En los días siguientes, busqué cualquier pretexto para pasar por esa calle, ubicada al Sur
de la mal llamada “Ciudad de la Esperanza”. Estoy seguro que ustedes, como yo, saben
que dominar la pelota no siempre es garantía de ser un jugador práctico y útil para los
principios colectivos, por lo que no aguanté las ganas de preguntarle si jugaba partidos
en algún lado. Y sí: lo hacía una o dos veces por semana, al igual que los futbolistas
profesionales. Le pregunté dónde y así fue como supe cuál iba a ser mi lugar de destino
el siguiente domingo por la mañana.
Llegué al lugar de la cita no pactada y noté, a golpe de vista, que no era el único que
estaba siguiendo sus pasos. Un grupo nutrido de cerca de 50 personas se encontraba
alrededor de la cancha de tierra en la que estaba por escenificarse una nueva batalla.
Miré hacia uno y otro lado hasta encontrar a Juan Ramírez, quien había dejado de lado
sus pantalones rotos y sus tenis polvorientos, para colocarse un uniforme blanquiazul de
marca desconocida, más adelante sabría que esa indumentaria correspondía a los
Coyotes, y unos tachones de futbol que se veían desgastados y, casi con seguridad,
malolientes.
Ya el tablero y sus piezas estaban dispuestos para que se produjera el pitido inicial. Los
Coyotes y las Panteras se medían en un torneo que nunca pensé que llegaría a
importarme; es más, hasta antes de toparme con Juan Ramírez ni siquiera contemplé la
posibilidad de saber el nombre de una competencia destinada a perderse en el
aninomato, tal como sucede con la gran cantidad de justas que no cuentan con una
cobertura mediática.
A la distancia, escuché el sonido emitido por el silbato del árbitro para dar inicio a las
hostilidades. Lo que a continuación presencié me dejó extasiado y con ganas de entrar al
terreno de juego para ser uno más de los actores secundarios que engalanaban la enorme
capacidad de esa persona que a diario viajaba con un balón para intentar ganarse la vida
y lograr que los automovilistas que pasaran por su zona de trabajo se dignaran a darle
unas cuantas monedas.
Fue en el primer cuarto de hora cuando el número diez de los Coyotes tomó la pelota
desde la cintura del campo, se quitó a un par de hombres y enfiló hacia la medialuna,
donde sacó imponente disparo para estremecer las redes y generar los aplausos de los
presentes. El equipo rival tuvo más poder de respuesta que el que yo esperaba. Diez
minutos después de que se abriera el marcador, un error del arquero blanquiazul
permitió que los cartones se emparejaran.

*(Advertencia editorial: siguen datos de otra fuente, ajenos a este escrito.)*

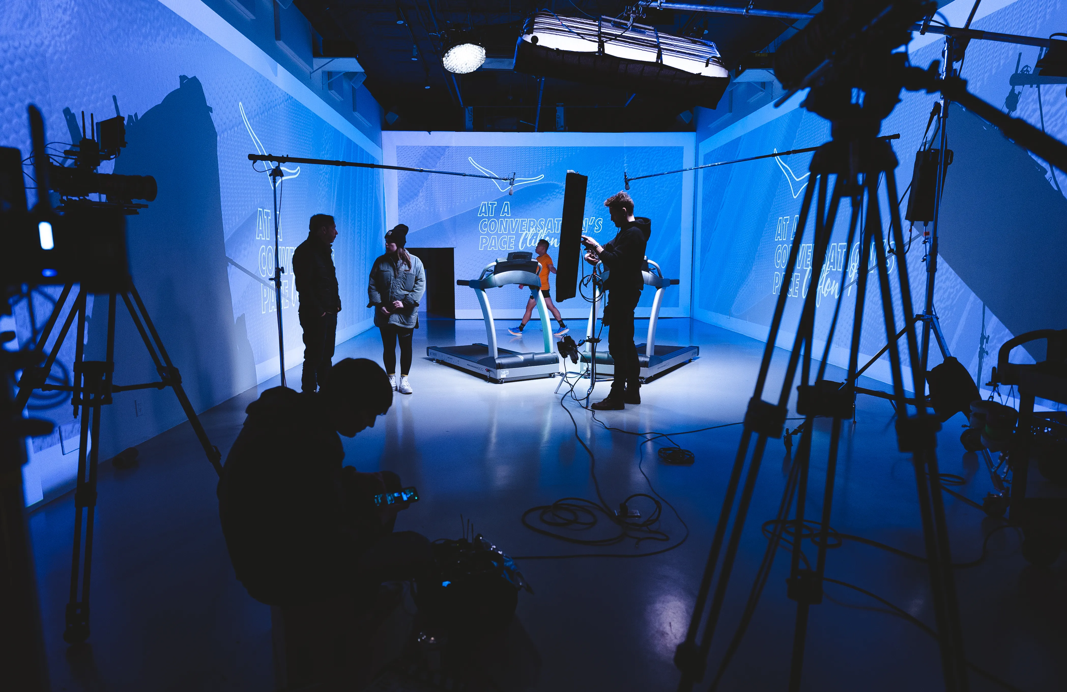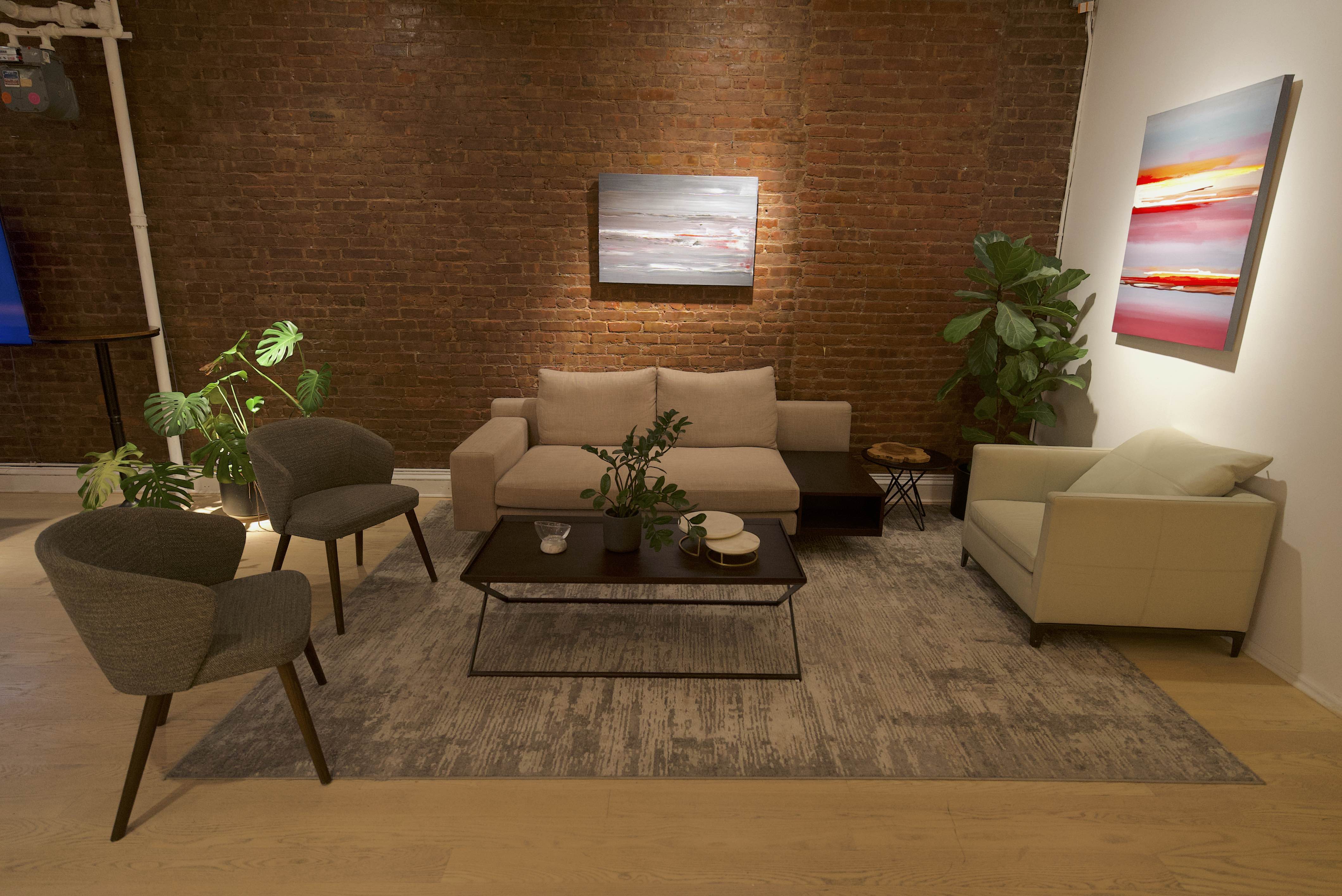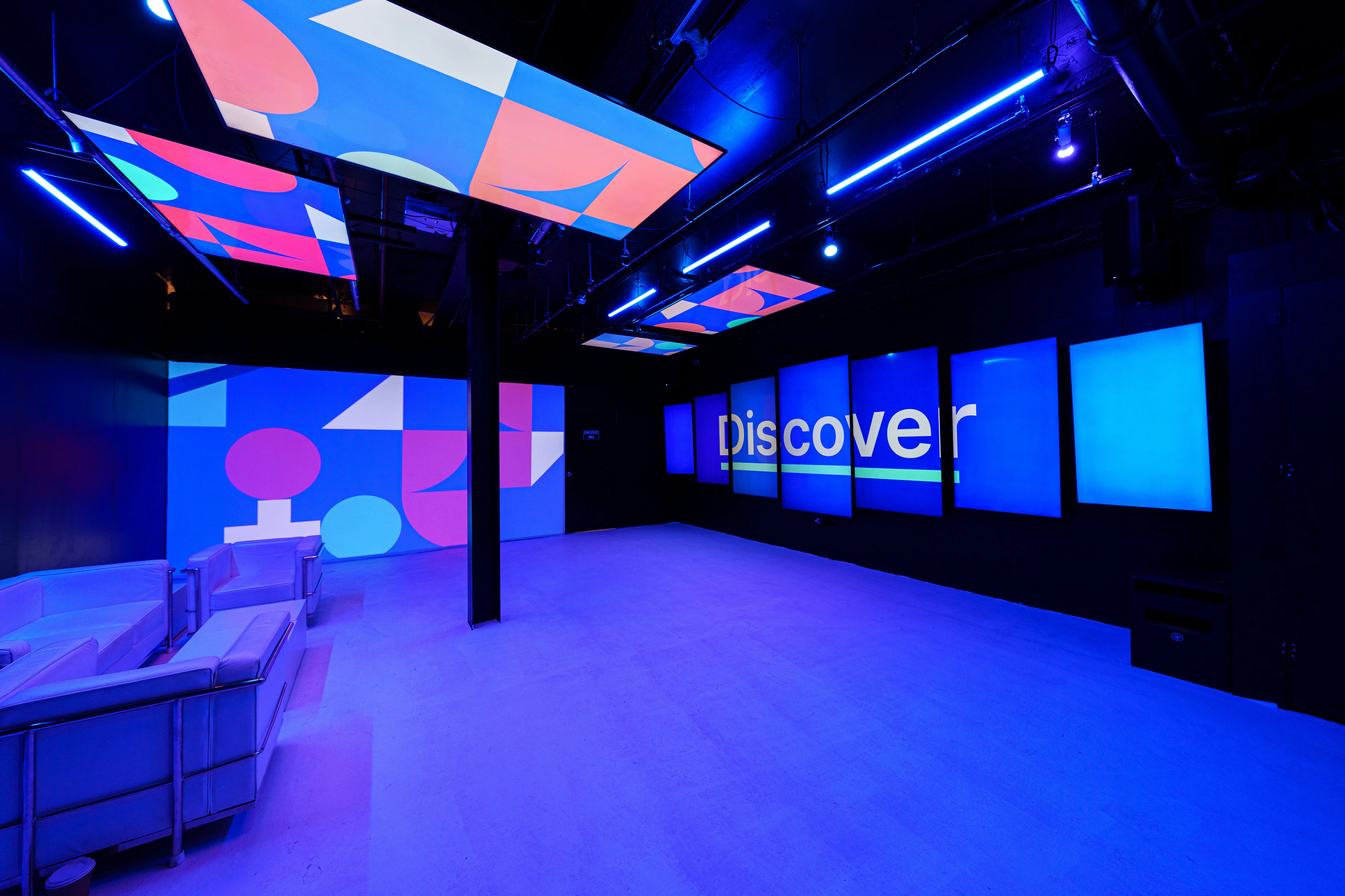 A low lit companion space featuring customizable screens throughout the space. Use it as a lounge, a production zone, or a sleek back of house hub that keeps the main floor pristine.

El tiempo de la primera mitad se consumía. Ramírez había estado muy activo. Lanzaba
pases a profundidad con precisión milimétrica y lo mismo driblaba con la pierna
derecha que con la izquierda; sin embargo, el cancerbero de las Panteras aprovechaba la
poca eficacia de la delantera oponente para congelar el peligro y así perfilar que su
escuadra no se fuera perdiendo al entretiempo.